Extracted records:
++++
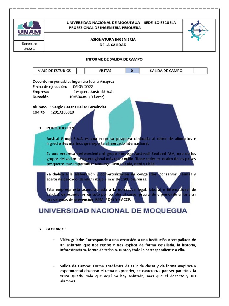 INFORME DE SALIDA DE CAMPO
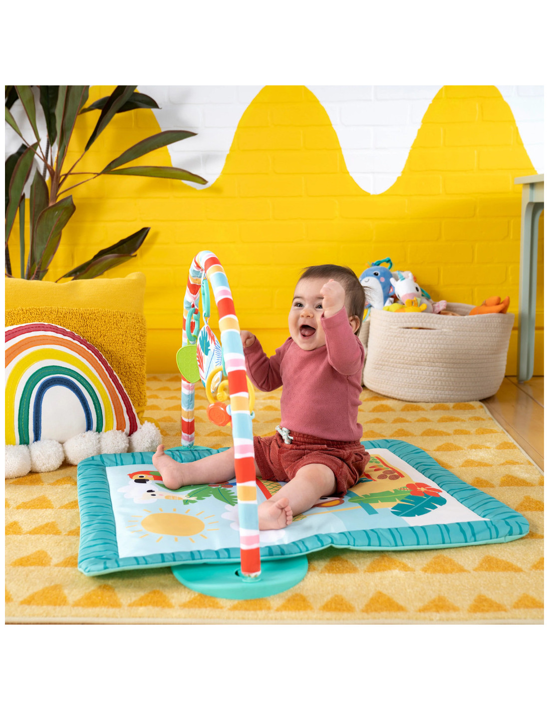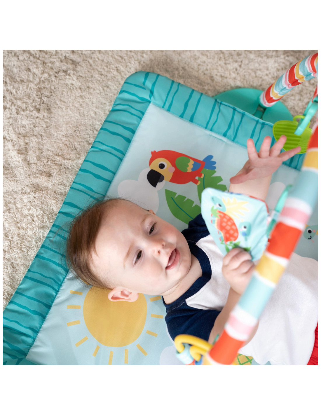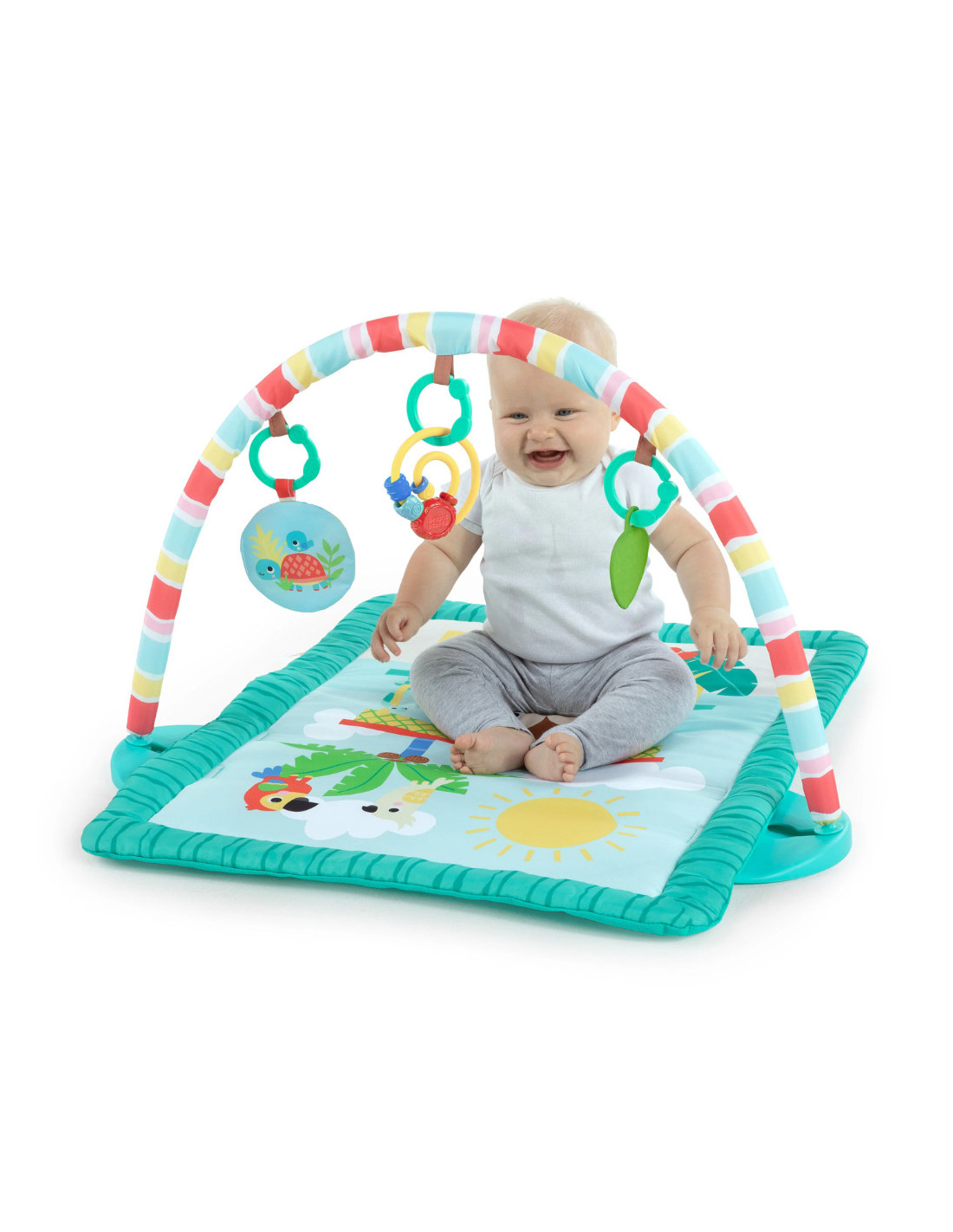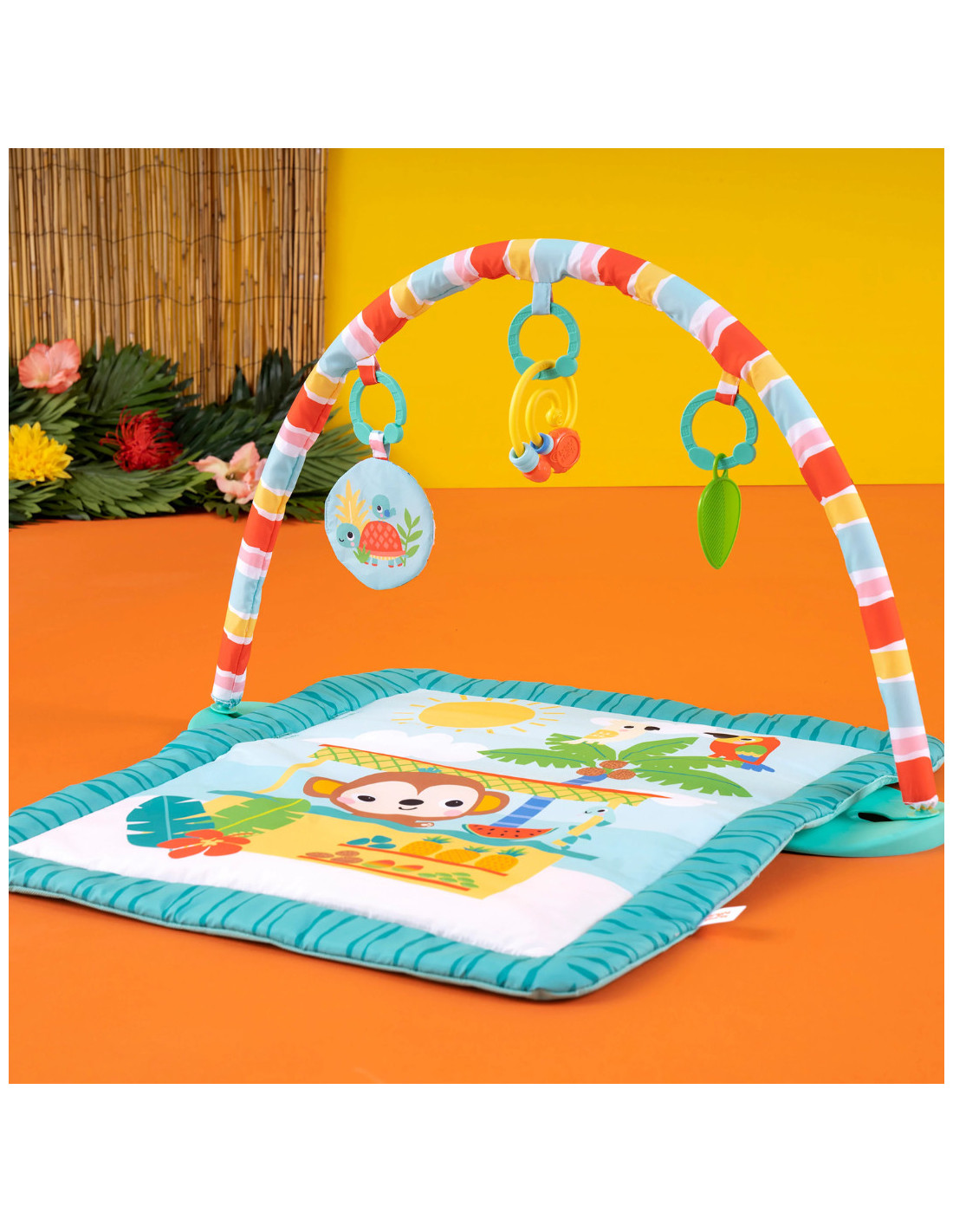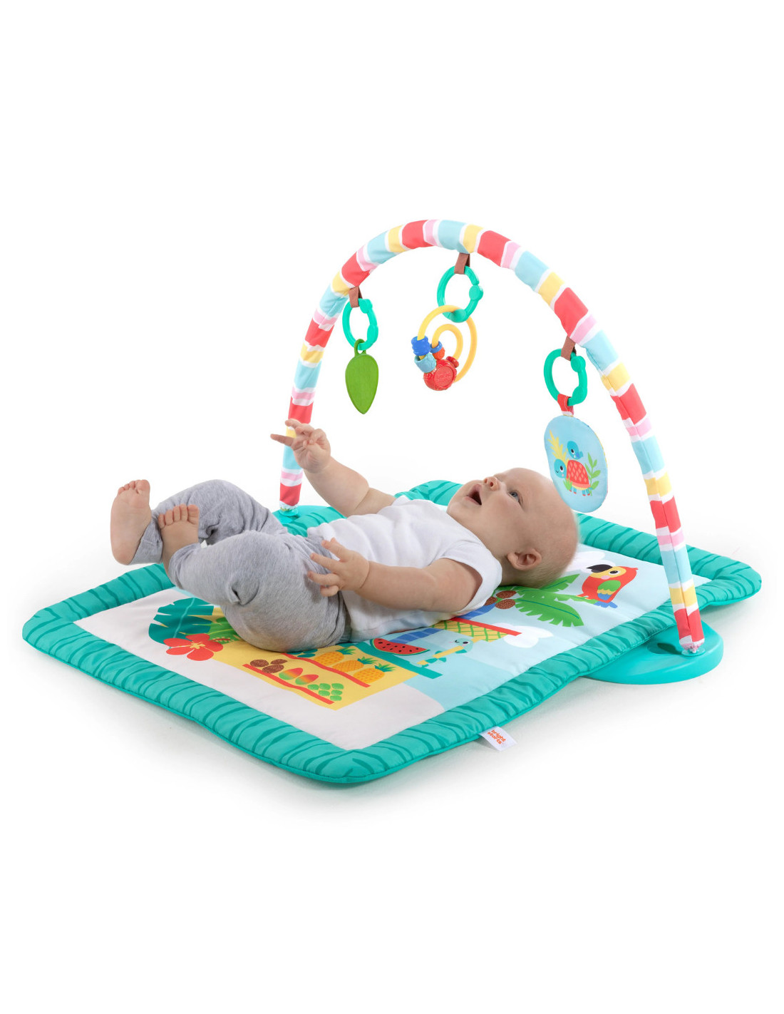 Transforma timpul pe burtica intr-o adevarata vacanta cu salteluta de joaca Bright Starts Tiki Toy Bar! Cu un design inspirat din tropice si jucarii interactive, aceasta salteluta stimuleaza dezvoltarea bebelusului prin joaca si explorare senzoriala.
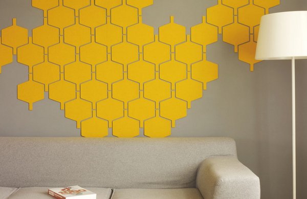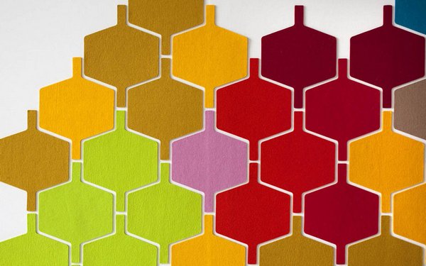 Шестигранники, изготовленные из натуральной шерсти, можно приклеить на стену в любом месте и любым способом. На выбор предоставляется 14 цветов, из которых можно создать небольшую декоративную композицию, хотя плитку можно использовать и для того, чтобы оформить стену целиком.
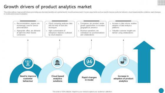 This slide outlines major growth drivers promoting use of product analytics at a global level to boost business reach. It covers arguments such as need to improve customer behavior, cloud-based analytics solutions, rapid changes in model and increase in adoption This modern and well-arranged Growth Drivers Of Product Analytics Market Product Analytics Implementation Data Analytics V provides lots of creative possibilities. It is very simple to customize and edit with the Powerpoint Software. Just drag and drop your pictures into the shapes. All facets of this template can be edited with Powerpoint, no extra software is necessary. Add your own material, put your images in the places assigned for them, adjust the colors, and then you can show your slides to the world, with an animated slide included.
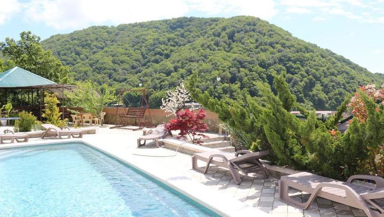 - На территории гостевого дома имеется 11-ти метровый бассейн с подогревом (ширина 3.75), из современных керамо-композитных материалов обеспечивающий безопасный вход, максимальную зону для плавания, глубиной, начиная от 1,20 м, плавно переходящий в 1,85 м. Такие параметры дают возможность комфортного купания и для детей и взрослых. Удобные поручни по всему периметру делают пребывание в воде безопасным и комфортным, что в свою очередь дает возможность заниматься аэробикой. Место отдыха возле бассейна укомплектовано шезлонгами. Подогрев бассейна обеспечивает комфортное купание в мае и сентябре. Для пользования бассейном необходимо иметь сменную обувь, шапочку для купания, купальник, плавки. Нахождение детей в бассейне возможно только в присутствии взрослых.
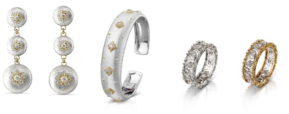 源自于意大利米兰的布契拉提(Buccellati),是世界上最负盛名的高级珠宝商之一,以其手工技艺、精湛设计和独一无二的作品闻名世界。布契拉提大胆运用色彩独特的珍稀宝石,搭配雕刻如蕾丝般精致的白金和黄金。直至今日,布契拉提珠宝不仅仅因其设计和卓越手工技艺获得全世界的青睐,更值一提的是工坊坚持采用能够追溯至意大利文艺复兴时期的标志性雕刻技术。所有系列的造型灵感均源自历史上的手绘图稿和创始人Mario Buccellati的设计。布契拉提现属历峰集团旗下,由布契拉提家族成员共同参与管理。目前,布契拉提精品店遍布全球各大都市的奢侈品购物中心。
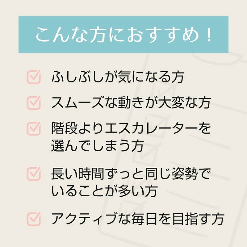 - 運動時の違和感が気になる方、若々しくありたい方、階段よりエスカレーターを選んでしまう方などにおすすめです。
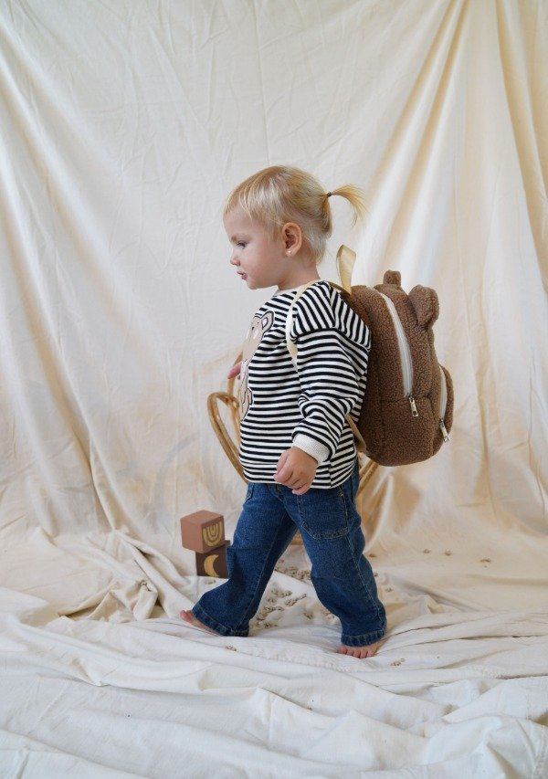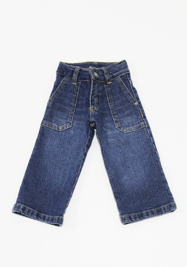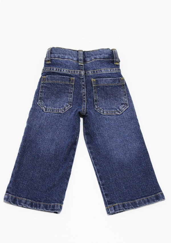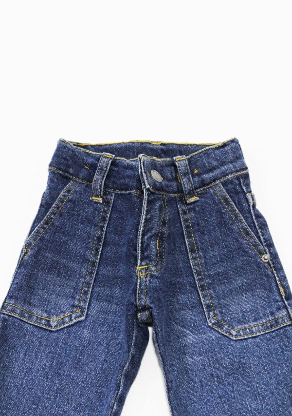 Jean recto azul oscuro con bolsillos aplicados. Tiene cintura regulable en su interior. Cierre y botón metálico.
++++
* **Requirement**
Exactly as written, reproduce all of the entries while dropping the pictures.

* **Solution for this exercise**
 INFORME DE SALIDA DE CAMPO
 Transforma timpul pe burtica intr-o adevarata vacanta cu salteluta de joaca Bright Starts Tiki Toy Bar! Cu un design inspirat din tropice si jucarii interactive, aceasta salteluta stimuleaza dezvoltarea bebelusului prin joaca si explorare senzoriala.
 Шестигранники, изготовленные из натуральной шерсти, можно приклеить на стену в любом месте и любым способом. На выбор предоставляется 14 цветов, из которых можно создать небольшую декоративную композицию, хотя плитку можно использовать и для того, чтобы оформить стену целиком.
 This slide outlines major growth drivers promoting use of product analytics at a global level to boost business reach. It covers arguments such as need to improve customer behavior, cloud-based analytics solutions, rapid changes in model and increase in adoption This modern and well-arranged Growth Drivers Of Product Analytics Market Product Analytics Implementation Data Analytics V provides lots of creative possibilities. It is very simple to customize and edit with the Powerpoint Software. Just drag and drop your pictures into the shapes. All facets of this template can be edited with Powerpoint, no extra software is necessary. Add your own material, put your images in the places assigned for them, adjust the colors, and then you can show your slides to the world, with an animated slide included.
 - На территории гостевого дома имеется 11-ти метровый бассейн с подогревом (ширина 3.75), из современных керамо-композитных материалов обеспечивающий безопасный вход, максимальную зону для плавания, глубиной, начиная от 1,20 м, плавно переходящий в 1,85 м. Такие параметры дают возможность комфортного купания и для детей и взрослых. Удобные поручни по всему периметру делают пребывание в воде безопасным и комфортным, что в свою очередь дает возможность заниматься аэробикой. Место отдыха возле бассейна укомплектовано шезлонгами. Подогрев бассейна обеспечивает комфортное купание в мае и сентябре. Для пользования бассейном необходимо иметь сменную обувь, шапочку для купания, купальник, плавки. Нахождение детей в бассейне возможно только в присутствии взрослых.
 源自于意大利米兰的布契拉提(Buccellati),是世界上最负盛名的高级珠宝商之一,以其手工技艺、精湛设计和独一无二的作品闻名世界。布契拉提大胆运用色彩独特的珍稀宝石,搭配雕刻如蕾丝般精致的白金和黄金。直至今日,布契拉提珠宝不仅仅因其设计和卓越手工技艺获得全世界的青睐,更值一提的是工坊坚持采用能够追溯至意大利文艺复兴时期的标志性雕刻技术。所有系列的造型灵感均源自历史上的手绘图稿和创始人Mario Buccellati的设计。布契拉提现属历峰集团旗下,由布契拉提家族成员共同参与管理。目前,布契拉提精品店遍布全球各大都市的奢侈品购物中心。
 - 運動時の違和感が気になる方、若々しくありたい方、階段よりエスカレーターを選んでしまう方などにおすすめです。
 Jean recto azul oscuro con bolsillos aplicados. Tiene cintura regulable en su interior. Cierre y botón metálico.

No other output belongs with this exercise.